Smotif geometrical classification and saturation in the PDB
We explored the frequency of occurrences of all Smotifs in all protein folds. We established an exhaustive library of 324 types of Smotifs, as classified by their geometry, for each of the four combinations of possible bracing secondary structure elements. We have shown that this geometrical classification of Smotifs correctly captures local structural similarity (see Definition of optimal classification of Smotif geometry in Material and Methods). Previously we have shown that Smotifs are useful for loop prediction because loop conformations (as defined by the orientation of the embracing secondary structures) up to 10–12 residues are exhaustively sampled in PDB , . We further refined this observation by exploring the increase of coverage of Smotifs in PDB over time (Fig. 1). Approximately 10 years ago all categories of Smotifs were already represented by at least one example.
Figure 1. The saturation of Smotifs over time.

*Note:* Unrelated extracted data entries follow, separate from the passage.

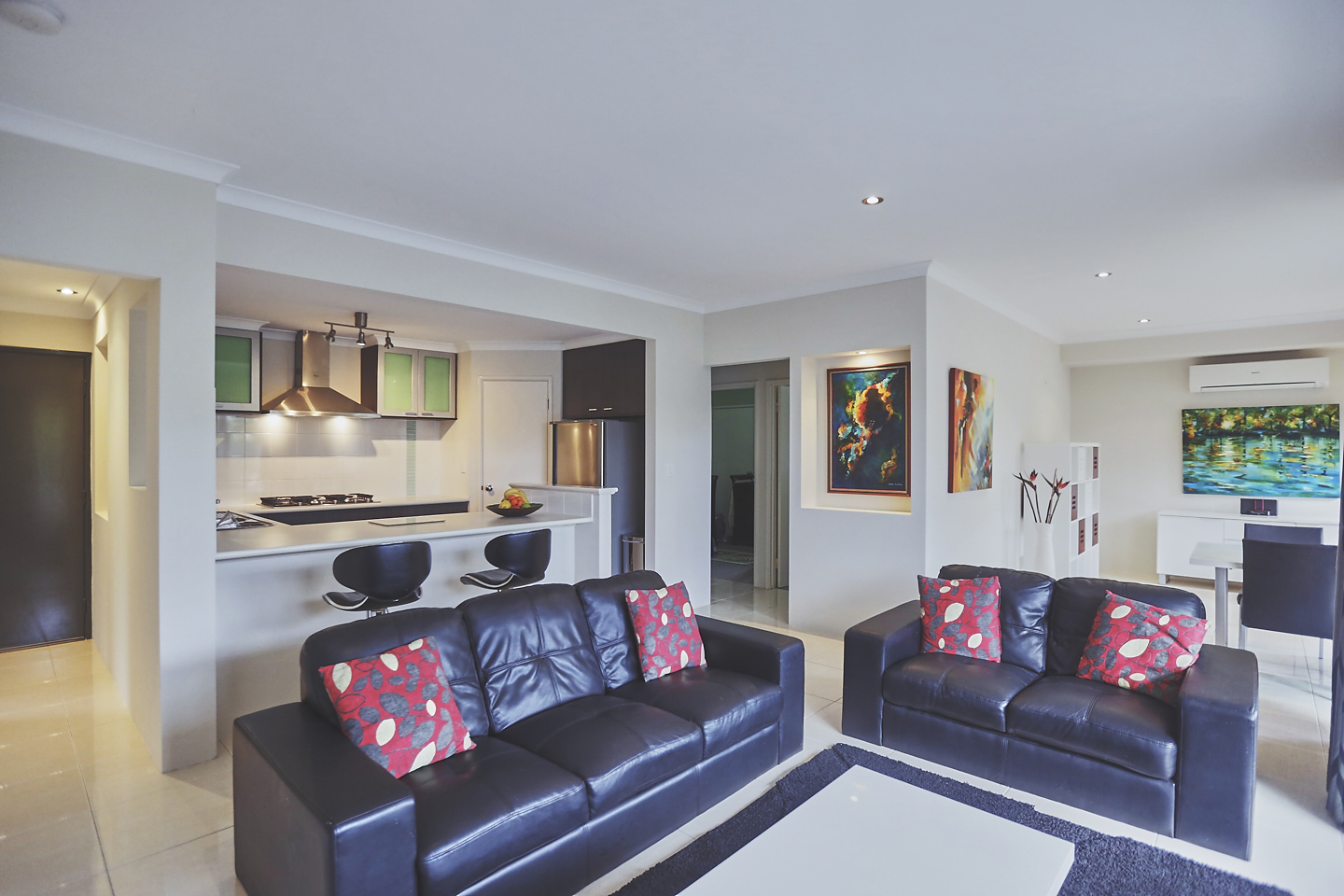 North facing main living area opens directly to a good sized private courtyard/garden/grassed area with large custom made shade sail for summer.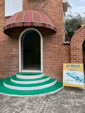 ðĨ3D House is located within a farm and village with a Swiss atmosphere. This two-story building features a red brick exterior and a European-style arched door.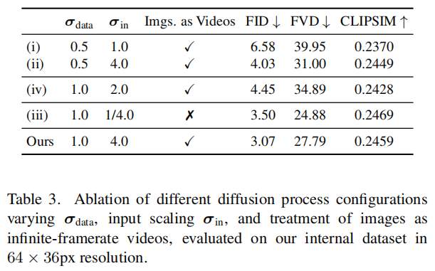 关键结论 :输入缩放 与模态匹配策略共同作用,使 FID 降低 53%、FVD 降低 30%,验证了框架重构的有效性。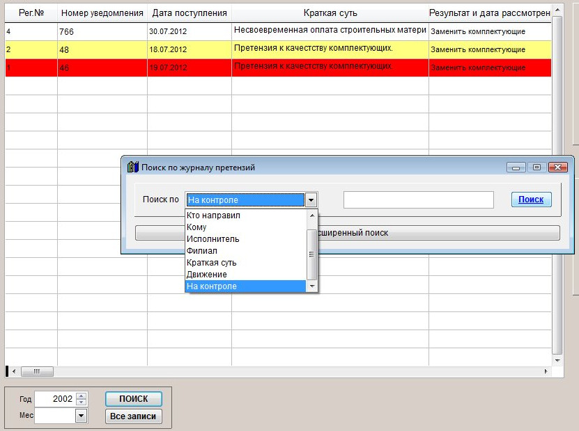 В журнале претензий отобразятся только те записи, которые соответствуют критерию поиска, т.е. у которых не снята галочка Контроль.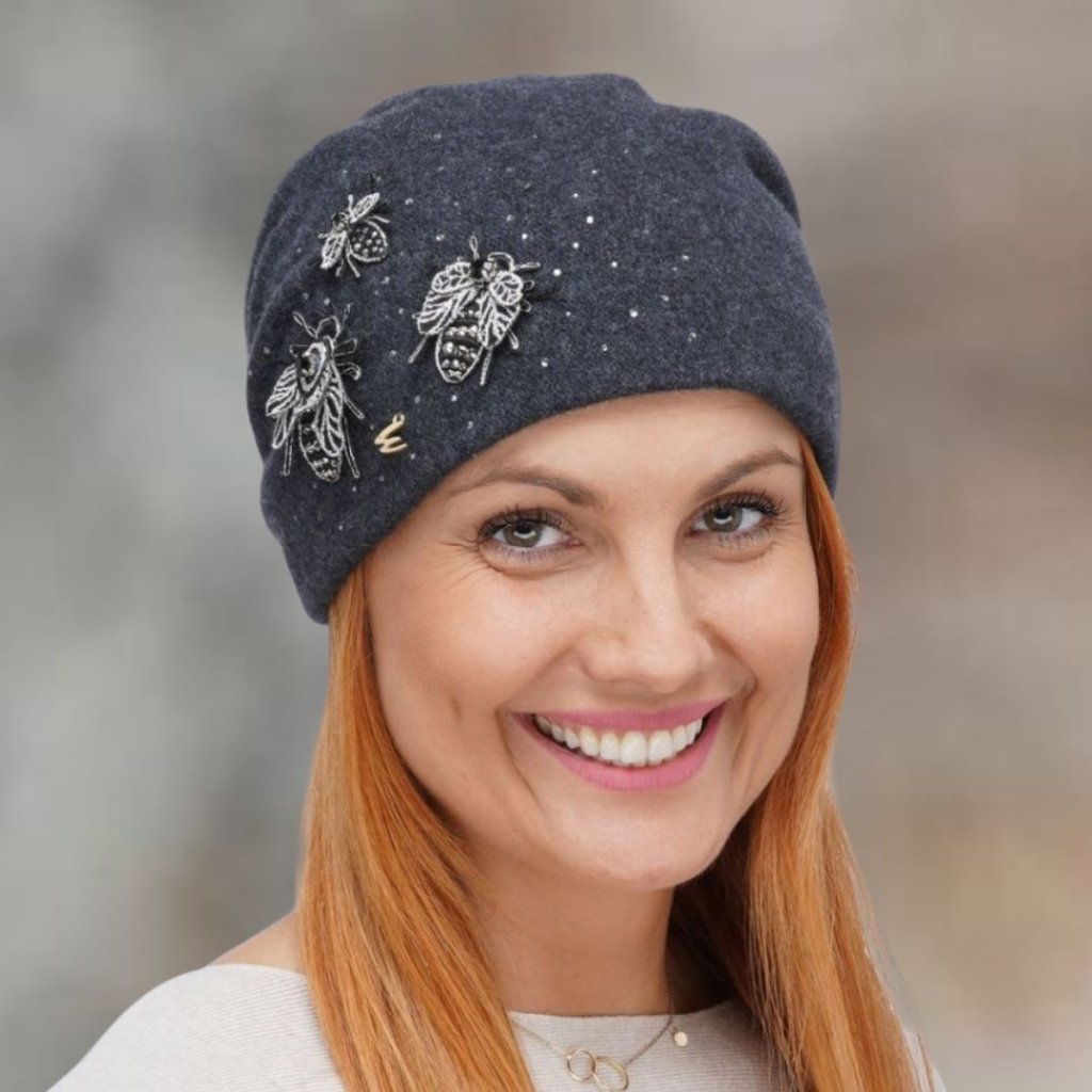 Jedinečná antracitová zimní čepice nejkvalitnější vlny s certifikátem Woolmark quality, která se dokonale přizpůsobí každé velikosti hlavy. Elegantní šedá čepice má originální charakter, který jí dodává lehce třpytivá aplikace tvořená včelkami, perličkami a třpytivými krystaly. Čepice má velmi slušivý a propracovaný střih, který je na temeni hlavy stažený do sámků. Top model, který lehce doladíte k zimnímu kabátku nebo bundičce.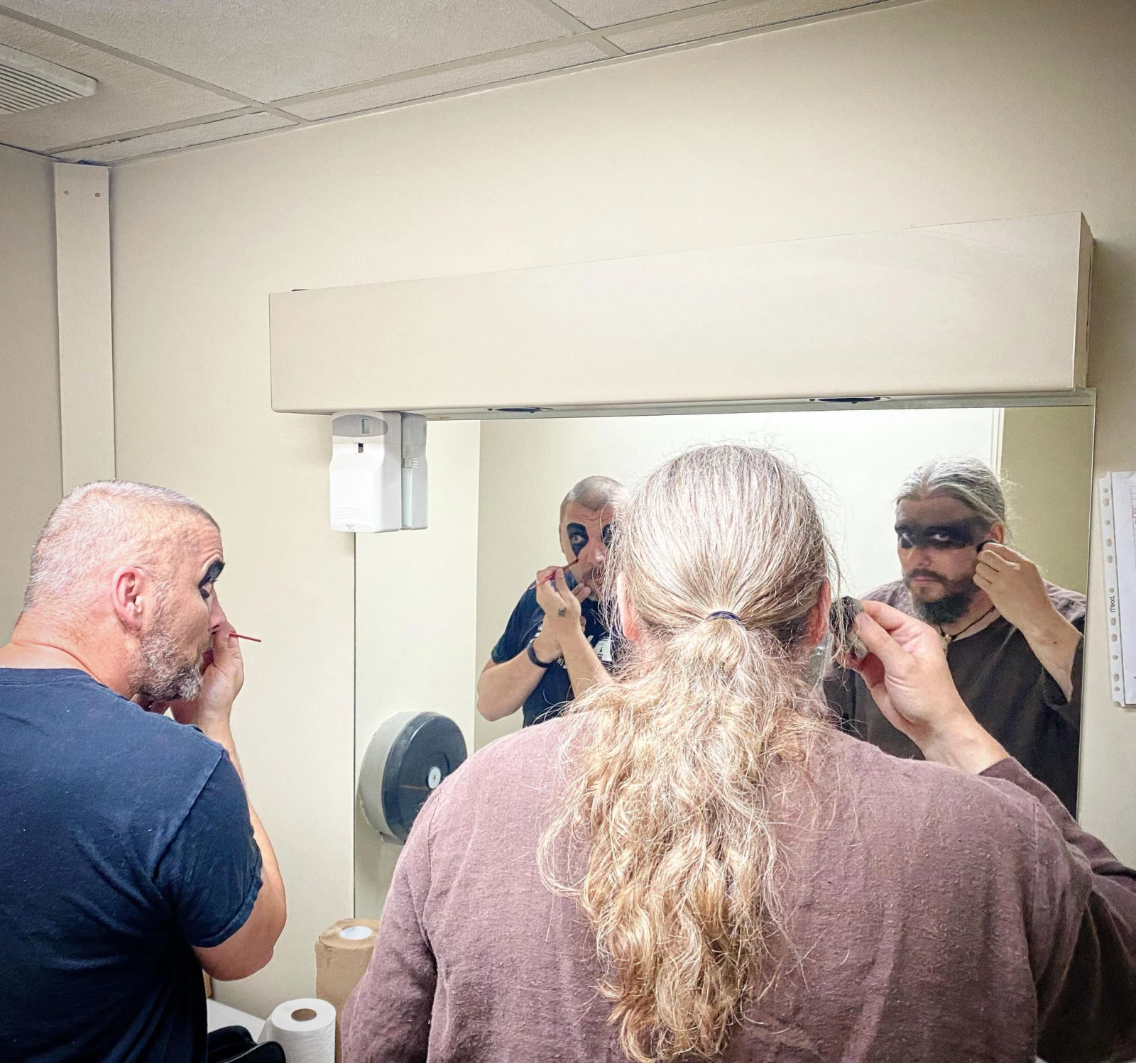 En retournant dans la salle, je croise Skoll l’impitoyable et son acolyte Skogen en train d’appliquer la dernière touche de leur maquillage devant un miroir de salle de bain.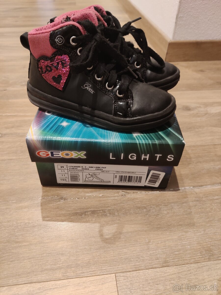 Kvalitné kožené geox topánky, veľkosť 29, vd 17,5 cm, nosené jedným dieťaťom kúpené nové,v peknom nosenom stave,už nesvietia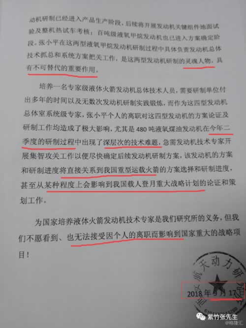等张小平走了一段时间,慢慢发现不对劲了,公文中写的清清楚楚。今年二季度在研制480吨液氧煤油发动机的时候出现了“深层次”的技术难题,急需发动机技术专家“集智”以便推进项目,所以发文向国家要人,期望张小平回来。二季度是4~6月,出现了重大的问题需要专家,卡住了项目进度,才有了9月份的这份要人公文。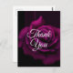 Tarjeta de agradecimiento de fiesta con una imagen de cerca de una rosa magenta púrpura de aspecto gótico. Un estilo oscuro y misterioso.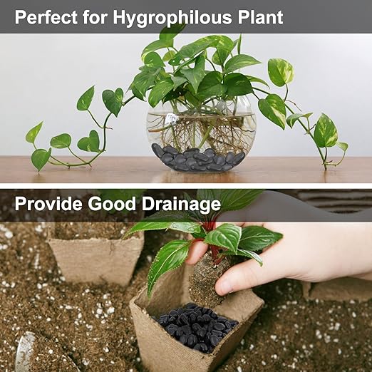 - ROUND AND SMOOTH: Our polished black pebbles for plants are tumbled to produce the smooth and round rock for all creative interior and exterior designs. No sharp edges, ready to get on your feet. River rocks are gift from nature, so they are in different shapes such as oval, round etc. Due to their shape, these pebbles are perfect for bottom of planters for drainage to help soil retain moisture. At the same time, the river rocks make planters have a pop of elegance.

Each curve corresponds to one of the four Smotifs categories (purple (strand-strand), green (strand-helix), blue (helix-helix) and red (helix-strand)). The cumulative distribution on the plot is obtained by summing the first appearances of Smotifs in 324 geometrical definitions as a function of time.doi:10.1371/journal.pcbi.1000750.g001
Structural factors affecting Smotif occurrence
The occurrence of Smotif geometries in different types of protein folds is uneven (Fig. 2). There are some Smotifs whose geometries are ubiquitous, and occur in many different folds, while others are specific to a few. Fig. 2 displays a ββ class Smotif (a) that is highly represented across different folds, corresponding to a geometry that tightly aligns two ββ-strands and, thus, allows many non-bonded contacts to be formed. Meanwhile another Smotif within the ββ class (b), which is structurally similar but where one of the β-strands is tilted, has a very low occurrence within known folds. Similar trends can be observed for αα, αβ, and βα Smotifs: Smotifs forming extensive non-bonded interactions occur more frequently in known folds. We explored the normalized number of intra-motif non-bonded contacts as a function of Smotif frequency and found an exponential correlation between the number of contacts and frequency of motif usage (correlation of r = 0.83 as fitted on a logarithmic scale), indicating that the most frequent motifs (top 10%) are forming more contacts. However, there is not a statistically significant correlation for the rest of the Smotif frequencies (Fig. 3).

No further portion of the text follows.